Maria Claudia Lazzè

Anthocyanins protect against DNA damage induced by tert-butyl-hydroperoxide in rat smooth muscle and hepatoma cells.

Anthocyanins are flavonoids present in a variety of pigmented food and, like other flavonoids, seem to play a role in preventing human pathologies related to oxidative stress. In fact, anthocyanins have been shown to exert antiproliferative effects in cell cultures and exhibit antiinflammatory and vasoprotective activities in animal models. Although these biological activities have been related to their antioxidant properties, little is known on the molecular mechanism of action of anthocyanins. The effects of pretreatment with the anthocyanins delphinidin, cyanidin, and their glycoside and rutinoside derivatives against induction of DNA damage induced by tert-butyl-hydroperoxide (TBHP) were evaluated in rat smooth muscle and in rat hepatoma cell lines using alkaline single cell gel electrophoresis (Comet test). In addition, a possible protection exerted by anthocyanins on cell killing, lipid peroxidation, and redox state alterations induced by TBHP was also investigated. It was found that the treatment with TBHP induces the formation of DNA single strand breaks (SSB) and oxidised bases, along with cell killing, lipid peroxidation and redox state alteration.

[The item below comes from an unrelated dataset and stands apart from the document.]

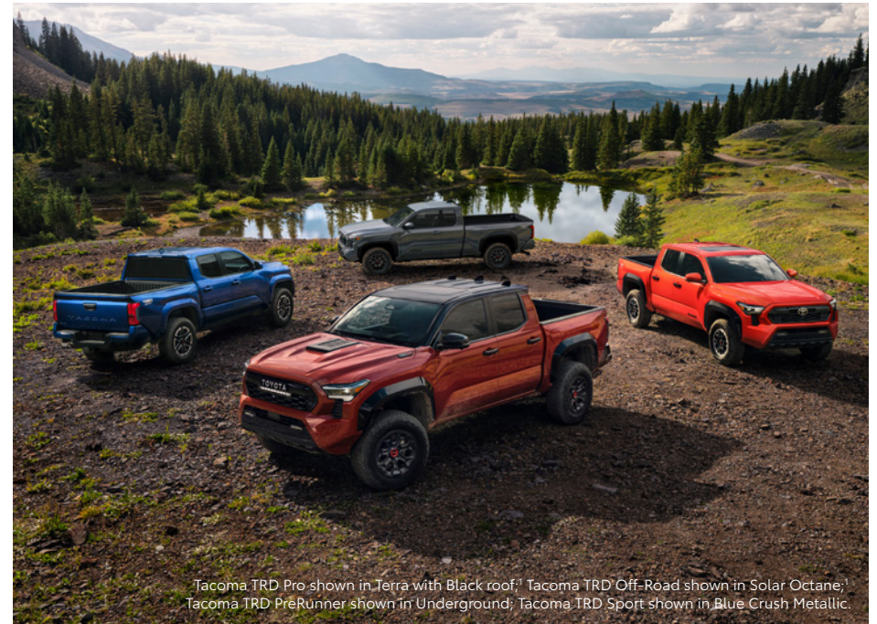
Tacoma TRD Pro shown in Terra with Black roof. Tacoma TRD Off-Road shown in Solar Octane. Tacoma TRD PreRunner shown in Underground. Tacoma TRD Sport shown in Blue Crush Metallic.

Our data demonstrate that anthocyanins are effective against cytotoxicity, DNA SSB formation and lipid peroxidation induced by TBHP, but they do not have any detectable effect against impairment by TBHP of cellular redox state and on protection against DNA bases oxidation. The presence of a sugar moiety in anthocyanin derivatives reduced this protective effect, mainly in rat hepatoma cells. The different activity of anthocyanins and their derivatives may be explained taking into account a structure/function relationship that could also influence anthocyanin intracellular localisation.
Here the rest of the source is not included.